Я вздохнула. Все нами увиденное от Финляндии было очень и очень далеко.  

Я злорадно подумала о Яри с его яхтой. Инересно что бы с ним было, увидь он подобное, не на обложке журналов про миллионеров, а наяву? Он бы, наверное, впал в летаргию с расстройства или потерял бы разум. Не знаю. Или как бы поник знаменитый хохолок Антти, воображающего себя Ричардом Гиром, при виде подобной роскоши в «задрипанной недоразвитой стране».  


На следующее утро после нашего приезда нас с Лизкой привезли в огромный салон красоты, сверкавший чистотой и блаженными улыбками обслуживающего персонала.  

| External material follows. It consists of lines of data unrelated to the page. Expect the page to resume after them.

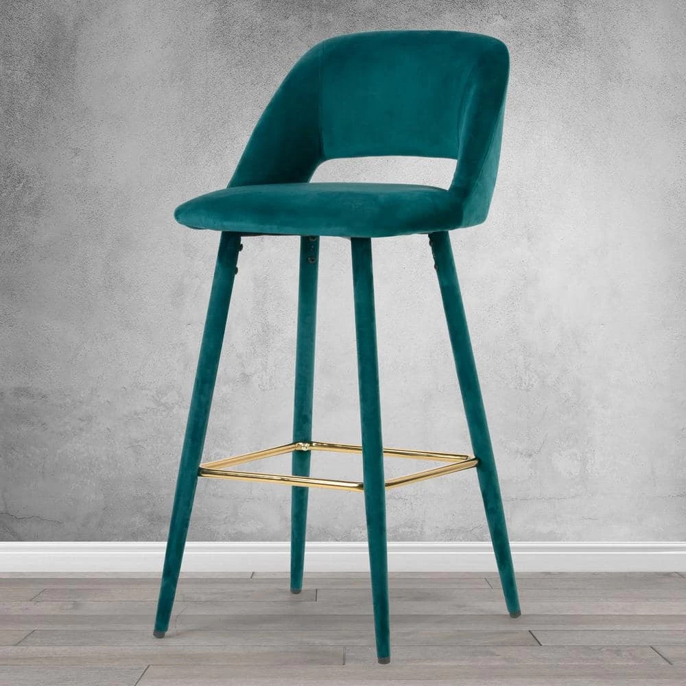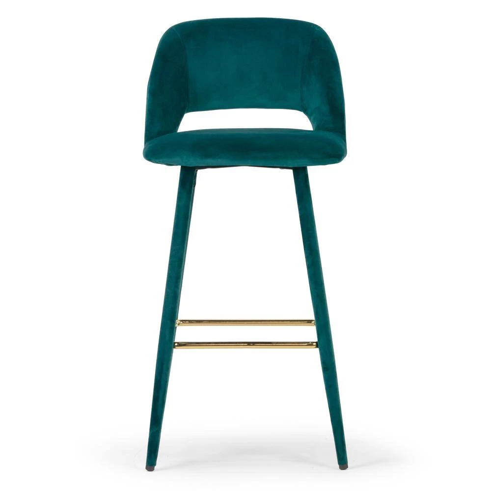 This Bar Stool can surely become a conversation piece of your room. Both the seat and legs are upholstered with teal velvety fabric, making this stool uniquely chic. Gold brushed metal footrest adds contrast and modern delicacy. Steel legs and frame ensure years of use and comfort. Minor assembly needed. Spot clean recommended.
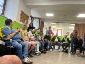 La mañana comenzó con una bienvenida significativa, preparada con especial cariño: música suave, un cartel de bienvenida y una recepción decorada con fotografías del curso anterior. Tras unas palabras de apertura de Gema, que agradeció el reencuentro y recordó lo vivido, el grupo participó en un círculo compartido. Con una madeja de hilo que iba pasando de mano en mano, cada persona respondió a preguntas como “¿Qué me ha sostenido este verano?” o “¿Qué quiero tejer este curso en mi vida?”. El hilo fue tejiendo literalmente una red que simbolizó la unión y el cuidado mutuo que caracteriza al proyecto.
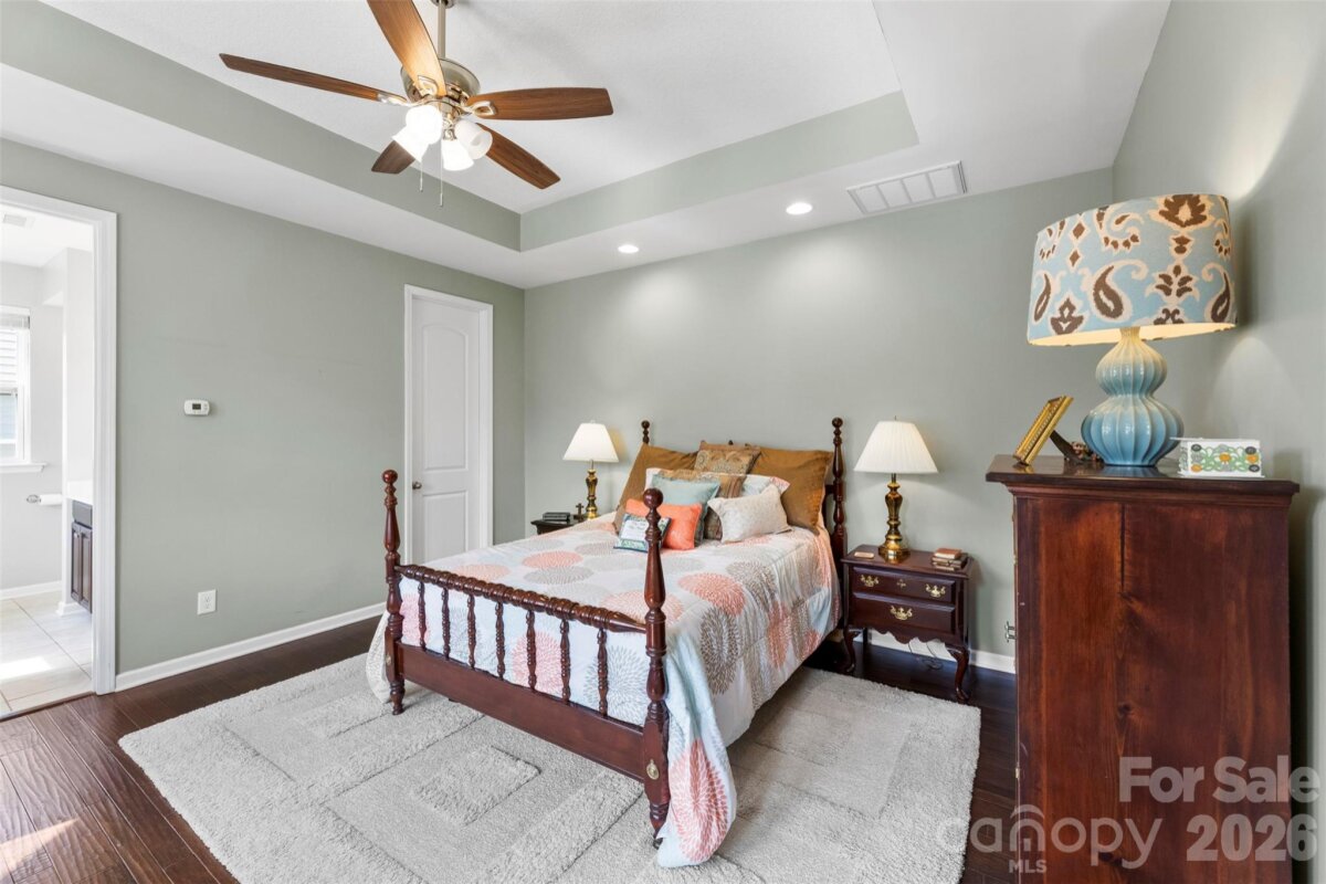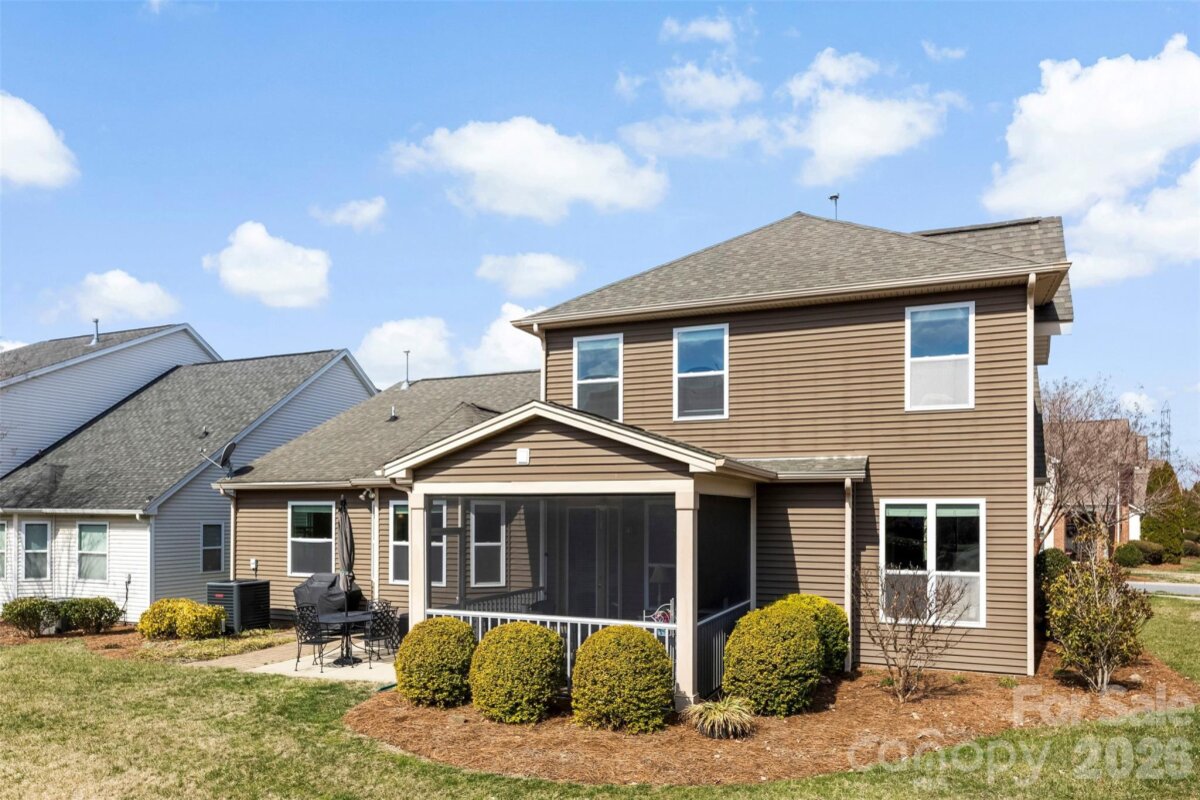 HIGHEST/BEST OFFERS by 5PM on 3/07! Tucked on a beautiful corner lot in the heart of Skybrook, this home is a true gem. A charming rocking chair front porch welcomes you and offers the perfect spot for morning coffee, while the screened back porch provides a peaceful place to unwind after a long day. Step through the double front doors into a warm and inviting foyer, where the dining room sits just off the entry and is accented by elegant arched doorways that add timeless character and charm. The gourmet kitchen is designed for gathering, featuring abundant cabinet and counter space, an oversized island, gas stove, and stainless steel appliances, all flowing into the spacious family room with a cozy fireplace. The main-level primary suite offers a relaxing retreat with double vanities, a soaking tub, and a large walk-in closet, with convenient laundry just steps away. Upstairs, a versatile loft creates the perfect space for a media room, home office, or game room, while the generous secondary bedrooms share a Jack-and-Jill bath. Don't forget to check out the large storage room. Lawn care is included, giving you more time to enjoy everything Skybrook has to offer—from neighborhood pools and scenic walking trails to the championship golf course. This beautifully maintained home is the perfect blend of comfort, charm, and lifestyle.
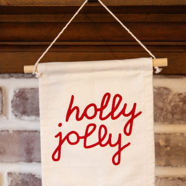 Spread festive cheer with the Holly Jolly Christmas Canvas Wall Art. Hand-sewn and screen-printed by Kenyan artisans. this wall flag pairs natural canvas with bold red lettering for a joyful holiday accent. Its compact size makes it perfect for walls. doors. or gallery displays??adding a handmade. meaningful touch to your Christmas d??cor.
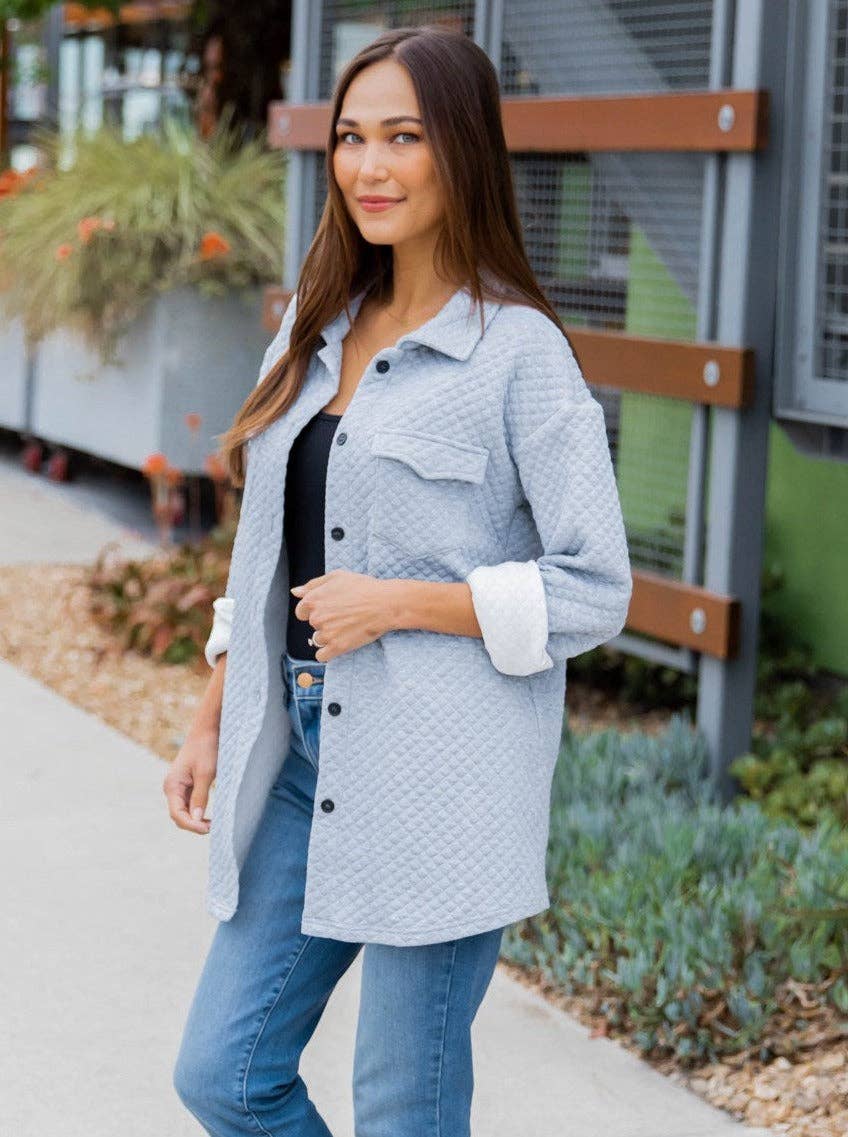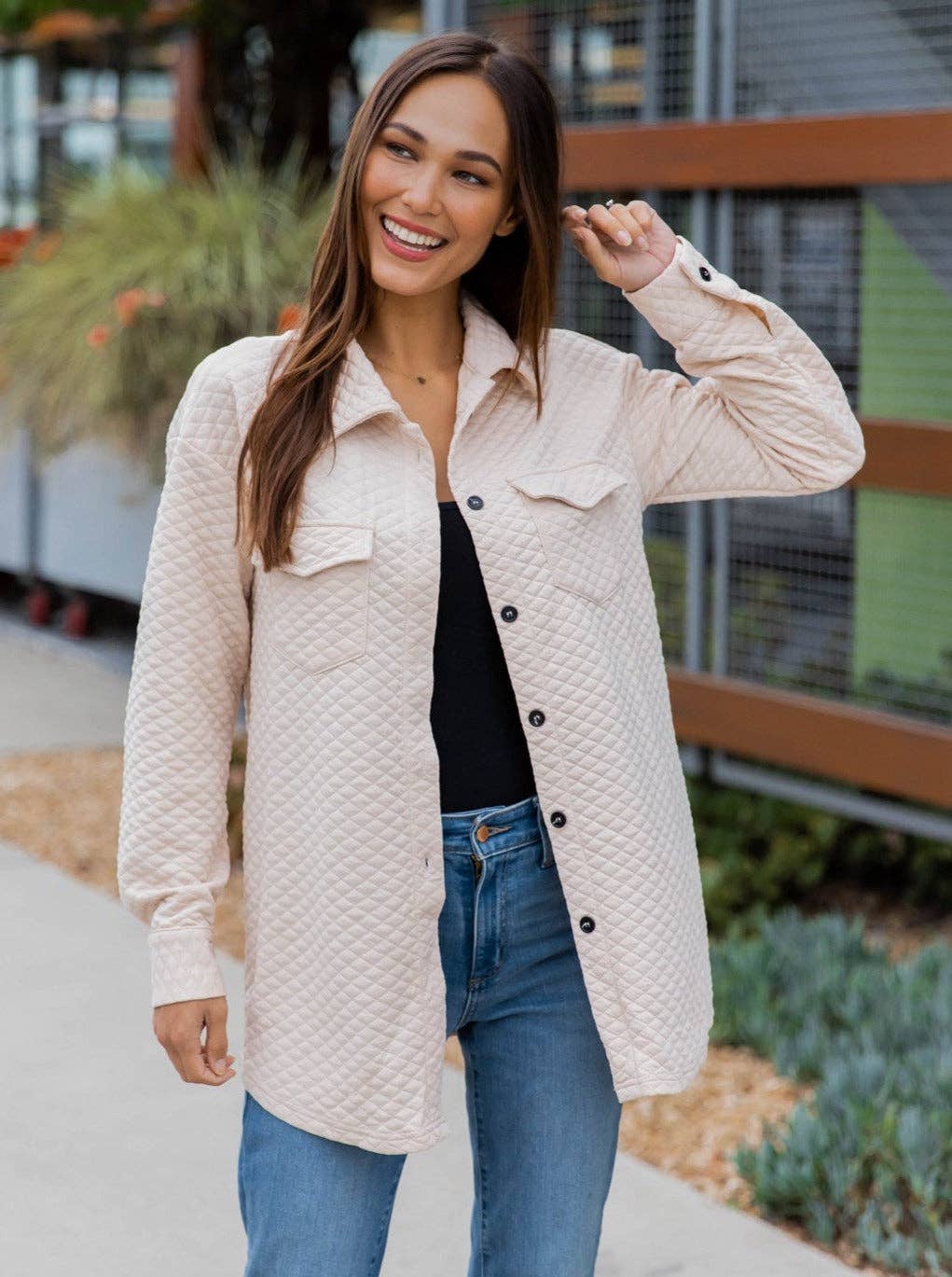 This quilted shacket is the perfect mix of fashion and comfort! Featuring soft, quilted fabric and a button-down design, you'll be sure to turn heads. Plus, the pocket detail adds just the right touch of style. Crafted with ultimate comfort in mind. Ready to elevate your look?
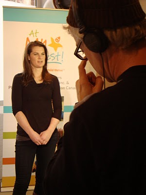 Jennifer Botterill, Tessa’s teammate (and a three-time Olympic gold medallist!), talks about the importance of children’s health while the director looks on.
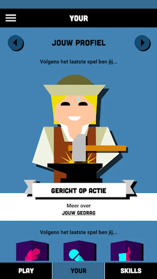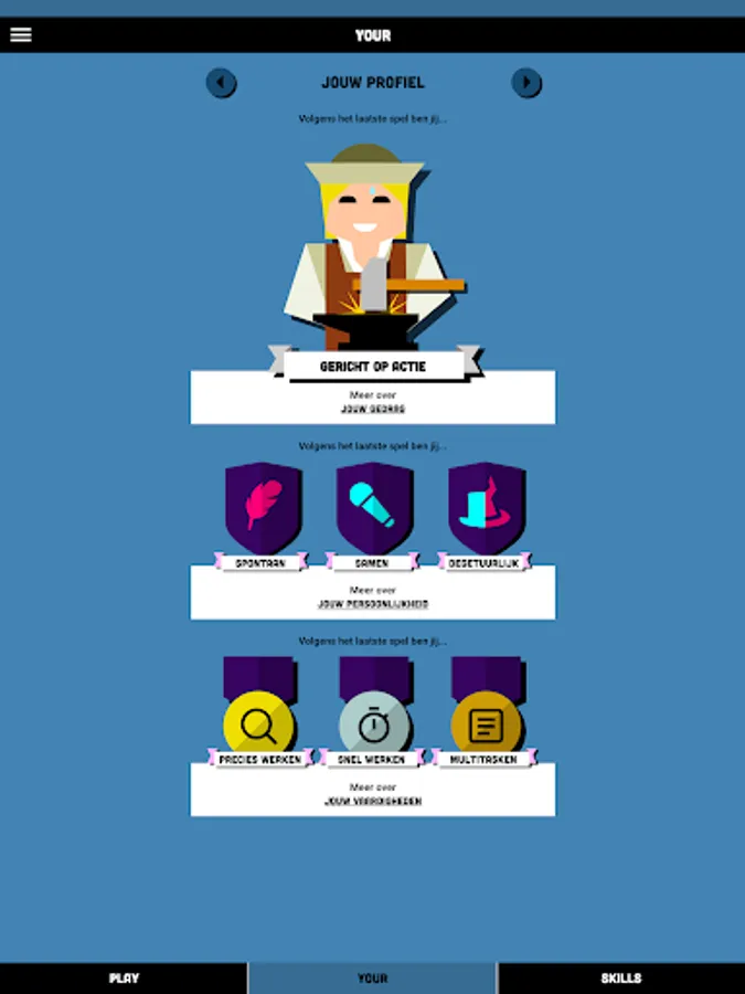 By playing the games in this app you earn 'Skills Points'. These points provide insight into your competences, talents and behavior. This way you build on your personal profile. Super fun and super useful!

Меня немного задело, что меня никто не спросил, хочу ли я туда ехать. Получалось, что меня перед выходом в свет надо было отскрести и завить, как барана. Закралась и мысль о том, почему нас привезли не в городскую квартиру, а в загородный дом … как беженцев в карантин. Но, когда я оказалась в роскошной ванной, где на поверхности ароматной воды плавали лепестки роз, затем провела час под сильными теплыми руками массажиста, я больше обиды не чувствовала. Затем со мной больше часа возился стилист, его сменили визажист и парикмахер. Все трое были очаровательные девушки и я сразу нашла с ними общий язык, хотя вначале они явно не спешили заводить со мной беседы, а только подобострастно улыбались, как японцы члену императорской фамилии. Но, увидев, что я не прочь поболтать, они тоже обрели дар речи. Эти красавицы, как и многие русские девушки тогда, не прочь были выйти замуж за иностранцев и с большим энтузиазмом накинулись на меня с вопросами о финнах. У меня, несомненно, было, что им рассказать …

Когда я стояла в прихожей салона, нагруженная пакетами с флакончиками и палетками, они сердечно признались мне, что я была их самой приятной клиенткой за очень долгое время. Я удивилась, но немного времени спустя поняла, почему я заслужила такую похвалу. Они в кругу знакомых Олега считались прислугой, разговаривать с которой нужно было сухо и исключительно по-необходимости. В Финляндии же такое — очень дурной тон. 

Лизка же вышла в вестибюль салона недовольная. Ее подстригли, окрасили волосы радужными светлыми полосками и даже сделали макияж. Лизка и макияж — две вещи несовместные.  

Как только мы оказались в приехавшей за нами машине, она злобно размазала все по своей надутой физиономии, вследствии чего ждавший нас дома Олег испугался, увидев ее.  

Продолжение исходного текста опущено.